If you know your current market value, there is no harm in providing your
current salary.

As a real-world example (and a bit of an edge case used to illustrate the
point clearly), if you know the typical salary for an entry-level developer in
Philadelphia is 70K a year, and $NEWGRAD is currently making 35K while working
during school, saying "I'm currently making 35K and looking for 70K" is
entirely appropriate, as both sides are aware that is the going rate for
entry-level developers in Philly. You can't offer NEWGRAD 38K and expect
him/her to accept the job.

This applies to anyone, whether you are overpaid or underpaid in your market.
If you have strong data on what the market will bear for your services,
whether you make half of that figure or twice that figure currently has little
bearing on your actual market value.

The challenge is that most people do not have that data, and it's tough to
figure out for many.
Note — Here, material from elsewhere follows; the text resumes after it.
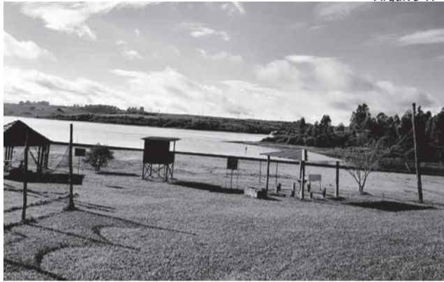
Uma rede de adução de água será implantada da Prainha até a ETA da sede do município

Com um recurso de R$ 9,9 milhões, um dos principais projetos beneficiados da Prefeitura de Candiota, segundo divulgado pela assessoria, é a implantação de um sistema de adução de água bruta que interligará o reservatório da CGTEE (Prainha) até a Estação de Tratamento de Água (ETA) da sede do município. Com isso, cerca de 8 mil habitantes, tanto da zona urbana como também da rural, passam a ter o reforço de água bruta captada do Arroio Candiota. O projeto aprovado também contempla uma rede adutora com extensão de 9,45 mil metros que interligará a rede existente no assentamento 22 de Dezembro aos acessos do Cerros, Paraíso, Corredor dos Arce e Pátria Livre. Deste ponto, será executada uma rede com mais 5 mil metros que interligará a Madrugada e

As much as people hate recruiters, an experienced and
specialized recruiter should be pretty good at telling you what your market
value is - and most should be willing to provide this info to you without any
strings attached.

Based on my own recruiting practice and my tendency to allow (encourage) most
of my candidates and clients to negotiate directly much more than most other
recruiters, I tend to find that candidates who are the most dodgy about their
expectations or history are more likely to face a more difficult negotiation
from the client.

People who are honest and transparent are perhaps viewed differently by
employers than those who fight the question.

I think employers appreciate a healthy negotiation as long as it is done in
good faith, but I think the value of being transparent in the negotiation may
outweigh any benefits of secrecy, based anecdotally of course.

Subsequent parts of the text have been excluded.